TWO THINGS, PERHAPS more than anything else, affect perceptions about what a retail interior looks and feels like: Light and color.

The former means – in an increasing number of instances ­– natural daylight (as well as giving store environments the “high-low” treatment with areas of light and shadow, courtesy of multiple LEDs), with the trend towards ripping out false walls and bringing the great outdoors indoors continuing unabated.

Color is more subtle. Shoppers tend to associate colors with brands because, well, that’s what brands like, and if a specific blue or a particular green means thinking of a retailer, then the thinking is that a good job has been done. Change colors at your peril, therefore, and sometimes it can be done to good effect.

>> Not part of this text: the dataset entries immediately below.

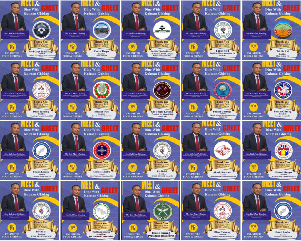 नेपलिज ड्राइभिङ इन्सट्रक्टर एसोसिएसन यूके, गुल्मी जिल्ला समाज यूके, ब्रिटिश गोर्खा वेलफेयर सोसाइटी, मगर संघ यूके, इलाम सोसाइटी यूके, धादिङ नुवाकोट समाज यूके, बुटवल सेरोफेरो समाज यूके, प्रथम नौमति बाजा गुल्मी यूके, म्याग्दी ओभरसीज नेपलिज एसोसिएसन यूके (मोना), स्याङ्जा समाज यूके, पांचथर समाज सेवा यूके, किरात याक्थुङ चुम्लुङ यूके, मगर संघ यूके यूएचएसबी ब्रान्च, किरात सुनुवार वेलफेयर सोसाइटी यूके, ओभरसिज नेपाली युनिफाइड सोसाइटी यूके, इन्टेक १९९६, एएफसी गुल्मेली थरभाई यूके, स्यान्डस्ट नेपलिज कम्युनिटी, नेपलिज युथ यूके ड्रागन गाइज लगायत संस्था र व्यक्तिहरुले टेबुल कन्फर्म गरिसकेको गाहामगरले जनाए ।
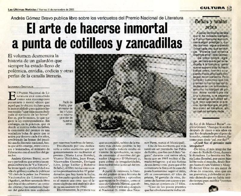El arte de hacerse inmortal a punta de cotilleos y zancadillas [artículo] Leonardo Sanhueza.
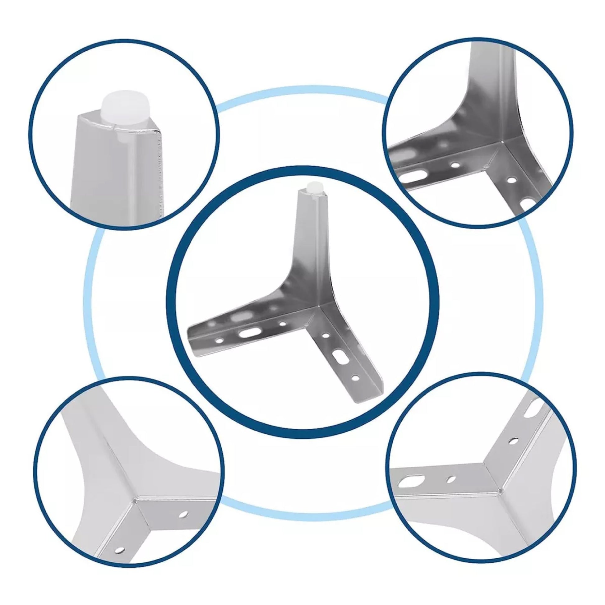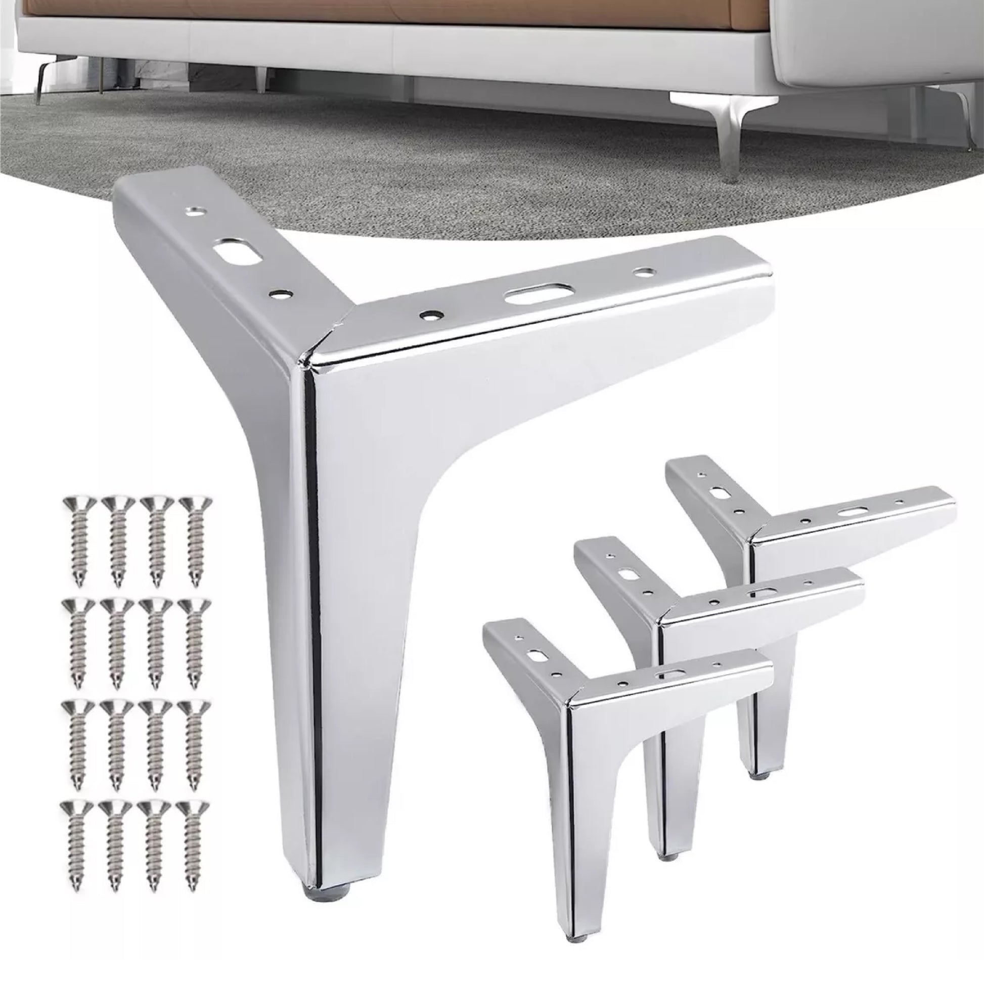 - Pata para Sofá Triangular Slim Cromo, con la cantidad a escoger entre 1 o 4 piezas, disponible en cuatro medidas para elegir.
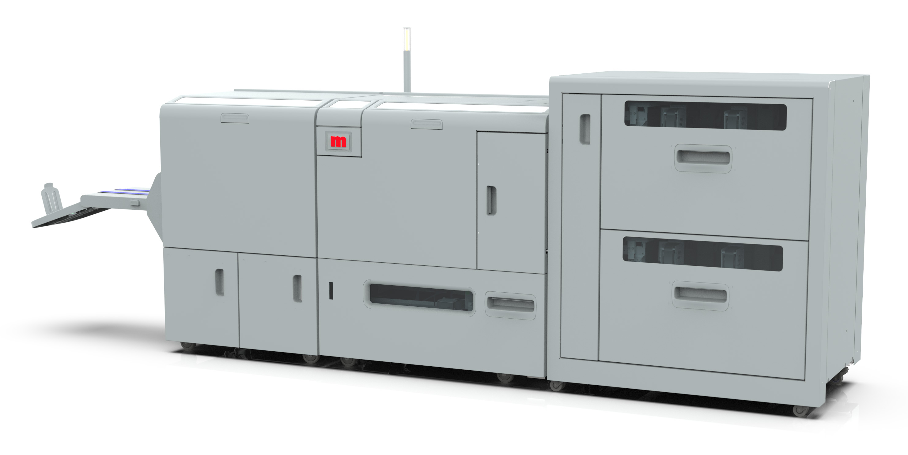 Стандартна комплектація передбачає лише ручне подавання матеріалу, але всі чотири системи можна обладнати потужним вакуумним автоподавачем VFX з двома касетами, кожна з яких вміщує стопу до 2 700 аркушів щільністю 80 г/м2. Крім того, на машини цієї серії можна встановити модуль біговання і бічної підрізки CST, який дозволяє отримувати буклети без необхідності використання гільйотинних різаків.
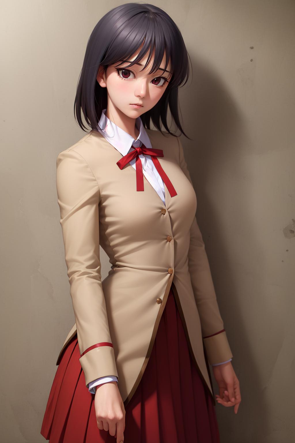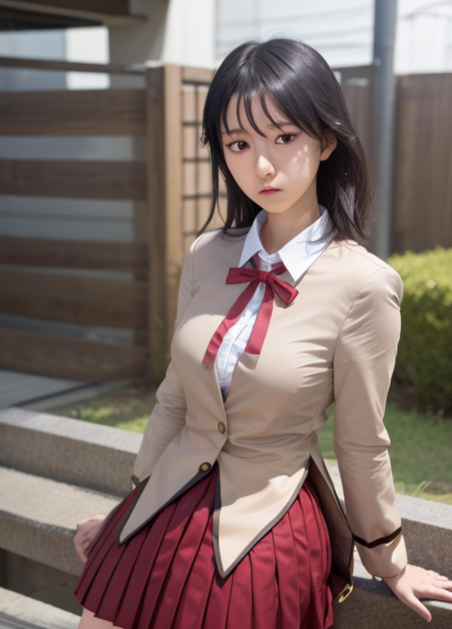 Default Outfit: school uniform, ribbon, pleated skirt
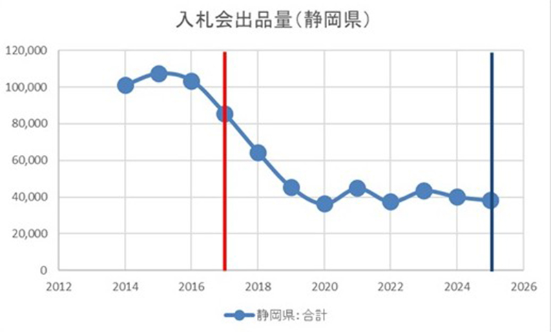 伊豆産テングサ第1回入札会(静岡県第1回入札会)が昨年と同じく3月上旬(3月5日)に開催された。本入札会は全国でも最初に開催される入札会でもあり、今後の相場に影響を与える重要な入札会である。出品量は5,723kgで、昨年同時期と比較して111%と増産した(2025年第1回出品量5,136kg)。ただ、今回出品されるテングサの内、8割を占める仁科産テングサは昨年(2025年)採取されたテングサで、実際に生育量が増加したかは不明である。

On Tooley Street, a thoroughfare parallel to the south bank of the Thames in central London, caffeine giant Costa Coffee (London) has revamped its busy branch and heated things up. In the normal run, this outfit uses a magenta-like color scheme as its hallmark, but on Tooley Street, it has opted to raise its game a few tones and use hot pink as an accent color.

Practically, this means wall graphics in which the color is teamed up with white and, in the mid-shop, digital ordering kiosks that are the kind of hot pink that Bruce Springsteen might have associated with a Cadillac back in the day.

In short, this is a Costa Coffee branch in which the essence of the brand remains, but it’s been given a high-octane overhaul thanks to a relatively inexpensive color change.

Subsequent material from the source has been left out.